Should such damage awards be given great deference, similar to damage awards for pain and suffering, or in defamation cases?

Or are they more analogous to damage awards in contract cases, which must be proven more specifically?

On Sept. 10, the Supreme Court heard oral arguments in the case of D.L. Anderson’s Lakeside Leisure Co. Inc. v. Anderson, No. 2007AP46.

The case arose when M. Scott and Steven Statz purchased D.L. Anderson Marine Contractors. The sale included a noncompete clause, stating that, for seven years within a 120-mile radius of Waunakee, the seller, Donald Anderson, would not permit his name to be used by any competing business.

When Anderson began working as a representative for a pier manufacturer and boat-lift distributor, and formed another business, Anderson Marine LLC, selling boats and marine accessories a mile away from the Statzes’ business, the Statzes brought suit, alleging breach of the noncompete clause and trade name infringement.

The jury awarded $15,000 for breach of the noncompete clause, $75,000 for trade name infringement, and $160,000 in punitive damages. The trial court awarded attorney fees.

The Court of Appeals upheld the jury’s finding of breach of the noncompete clause and the $15,000 in compensatory damages. However, while it upheld the finding of trade name infringement, it reversed the $75,000 compensatory damage award as unsupported by the evidence.

It also reversed the punitive damage award, and the attorney fee award.

Arguing for the Statzes, Kevin J. Palmersheim, of Haley Palmersheim SC, in Middleton, argued that any difficulty in determining damages in a trade name infringement action is the result of the defendant’s infringement, and a jury should be given flexibility in determining damages.

In this case, the Statzes paid $200,000 for “goodwill.” Thus, Palmersheim argued, any jury award between zero and $200,000 should be considered a reasonable approximation of damages.

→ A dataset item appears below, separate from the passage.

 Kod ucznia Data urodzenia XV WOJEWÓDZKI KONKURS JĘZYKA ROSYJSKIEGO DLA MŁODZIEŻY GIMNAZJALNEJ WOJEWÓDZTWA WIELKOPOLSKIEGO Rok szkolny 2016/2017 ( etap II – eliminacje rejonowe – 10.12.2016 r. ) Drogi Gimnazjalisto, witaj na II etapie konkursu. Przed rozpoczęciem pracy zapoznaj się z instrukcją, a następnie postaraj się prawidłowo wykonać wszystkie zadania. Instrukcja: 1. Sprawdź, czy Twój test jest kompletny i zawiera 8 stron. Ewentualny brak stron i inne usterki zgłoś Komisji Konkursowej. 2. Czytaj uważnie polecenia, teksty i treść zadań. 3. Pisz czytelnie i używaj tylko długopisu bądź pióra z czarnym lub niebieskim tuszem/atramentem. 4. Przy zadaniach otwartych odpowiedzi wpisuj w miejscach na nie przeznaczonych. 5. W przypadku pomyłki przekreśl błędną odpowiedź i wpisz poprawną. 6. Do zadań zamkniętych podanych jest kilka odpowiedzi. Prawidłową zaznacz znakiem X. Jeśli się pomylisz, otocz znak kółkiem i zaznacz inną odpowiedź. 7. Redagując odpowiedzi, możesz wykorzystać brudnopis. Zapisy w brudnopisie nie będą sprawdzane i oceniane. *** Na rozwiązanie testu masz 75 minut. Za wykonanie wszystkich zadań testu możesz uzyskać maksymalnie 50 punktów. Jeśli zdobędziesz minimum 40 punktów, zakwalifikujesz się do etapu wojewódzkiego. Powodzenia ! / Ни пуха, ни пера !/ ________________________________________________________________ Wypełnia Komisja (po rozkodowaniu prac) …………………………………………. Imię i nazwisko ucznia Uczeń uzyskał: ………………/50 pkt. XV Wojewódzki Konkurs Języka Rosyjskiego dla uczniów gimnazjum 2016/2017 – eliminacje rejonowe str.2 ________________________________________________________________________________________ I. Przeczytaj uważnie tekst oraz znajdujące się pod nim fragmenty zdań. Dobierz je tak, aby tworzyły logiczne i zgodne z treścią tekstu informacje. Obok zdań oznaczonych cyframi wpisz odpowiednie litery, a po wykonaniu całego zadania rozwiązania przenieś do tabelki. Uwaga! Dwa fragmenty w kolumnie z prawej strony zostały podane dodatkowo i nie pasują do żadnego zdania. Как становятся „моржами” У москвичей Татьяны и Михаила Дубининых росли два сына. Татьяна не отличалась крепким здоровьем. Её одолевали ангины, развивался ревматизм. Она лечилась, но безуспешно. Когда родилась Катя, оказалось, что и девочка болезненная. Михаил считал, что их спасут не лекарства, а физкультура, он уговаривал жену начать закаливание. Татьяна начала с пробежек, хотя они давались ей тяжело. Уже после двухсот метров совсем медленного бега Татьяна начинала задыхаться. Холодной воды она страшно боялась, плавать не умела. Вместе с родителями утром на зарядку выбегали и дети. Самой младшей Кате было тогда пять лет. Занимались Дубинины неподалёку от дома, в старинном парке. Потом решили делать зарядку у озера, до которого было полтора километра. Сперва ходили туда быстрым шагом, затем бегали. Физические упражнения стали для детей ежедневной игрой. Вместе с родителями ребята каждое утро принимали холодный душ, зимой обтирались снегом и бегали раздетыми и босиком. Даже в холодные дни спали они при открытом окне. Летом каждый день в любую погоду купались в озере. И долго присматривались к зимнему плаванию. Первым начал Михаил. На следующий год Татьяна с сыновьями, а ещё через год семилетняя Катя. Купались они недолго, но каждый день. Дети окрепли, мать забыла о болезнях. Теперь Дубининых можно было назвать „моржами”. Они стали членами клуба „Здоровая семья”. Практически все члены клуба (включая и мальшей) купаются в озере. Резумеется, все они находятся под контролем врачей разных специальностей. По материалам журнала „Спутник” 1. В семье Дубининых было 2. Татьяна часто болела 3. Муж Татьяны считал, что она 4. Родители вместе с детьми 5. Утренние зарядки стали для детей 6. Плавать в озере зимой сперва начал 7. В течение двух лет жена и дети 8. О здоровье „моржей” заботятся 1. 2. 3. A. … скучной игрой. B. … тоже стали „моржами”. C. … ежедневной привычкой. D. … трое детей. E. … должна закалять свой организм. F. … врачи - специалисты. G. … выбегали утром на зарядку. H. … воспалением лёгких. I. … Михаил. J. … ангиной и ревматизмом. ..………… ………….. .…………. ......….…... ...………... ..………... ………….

Palmersheim noted that, in defamation cases, juries can award damages without any evidence that the plaintiff’s reputation was actually diminished. Because trade name infringement similarly diminishes the reputation of a business, yet damages are difficult to calculate, Palmersheim contended such a jury award should be treated similarly.

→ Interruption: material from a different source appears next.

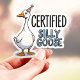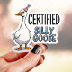 This fun sticker features a goofy goose wearing a party hat with the phrase "Certified Silly Goose." Perfect for anyone who embraces their silly side! This durable vinyl sticker is great for laptops, water bottles, phone cases, and more. Add a touch of whimsy and laughter to your belongings.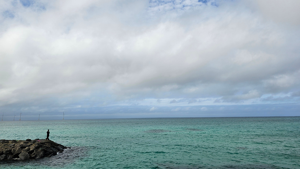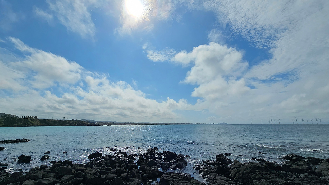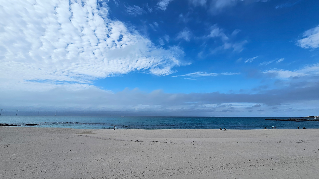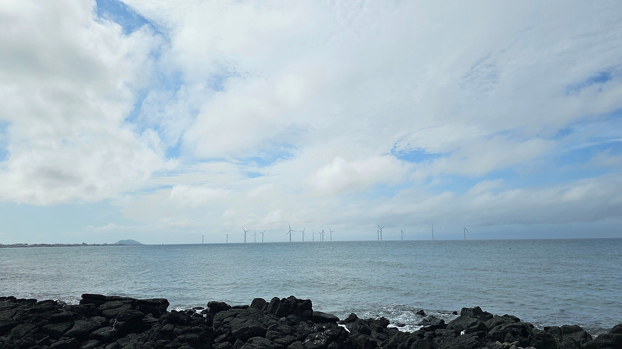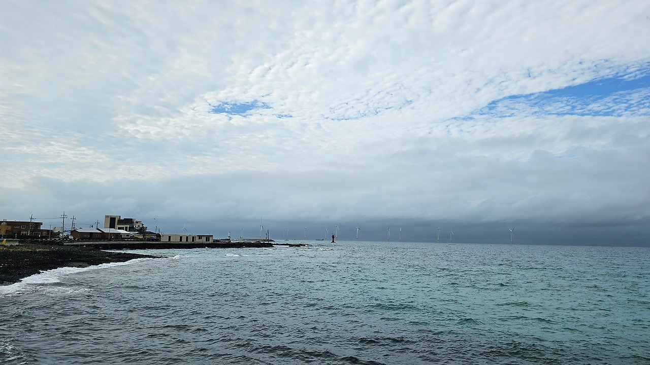 사람들은 밭담과 카페 출입문 사이에 있는 골목에서 나오지 않았다. 카페 뒤, 바다와 면한 길에서 올라왔다. 올라오는 이들을 거스르며 내려갔다. 길은 검은 현무암 해변과 카페 사이를 구분하는 띠처럼 놓여있었다. 검은 현무암 해변은 폭이 좁았고, 파도가 길로 넘어오지 못하게 온몸으로 막아냈다. 넓게 펴진 하얀 구름이 하늘에 낮게 드리워져 있었다. 구름에 하늘의 푸르름은 묻혔다. 색을 잃어가는 하늘을 닮아가듯 바다도 파랑을 잃어갔다. 멀리 풍력발전기들이 얇은 바늘처럼 뾰족하게 솟아 낮게 드리운 구름을 위협했다. 더 멀리 작은 오름이 보였다. 지도를 보니 지날 길엔 오름이 없었다. 자세히 보니 한림항에 있는 비양도 같았다. 저기까지 가야 이번 올레가 끝나는구나. 13시 10분인데, 3시간 안에 도착할 수 있을지. 걸음을 빨리했다.

Michael B. Van Sicklen, of Foley & Lardner LLP, in Madison, represented Anderson. Van Sicklen characterized the case differently, asking “Why engage in a tort analysis, when we have a contract governing the sale?”

Despite the jury verdict, Van Sicklen also took issue with the finding that Anderson violated the covenant not to compete, calling Anderson’s business “complementary, not competing.”

Van Sicklen further argued that the jury instructions incorrectly allowed the jury to find in favor of the Statzes, based only on a finding of confusion between the names of the businesses, without also requiring a finding that Anderson was competing against the Statzes.

Absent any evidence of lost profits, Van Sicklen contended, there is no basis for any award of damages.

Seven issues were granted review by the Supreme Court, but the oral argument did not include discussion of them all.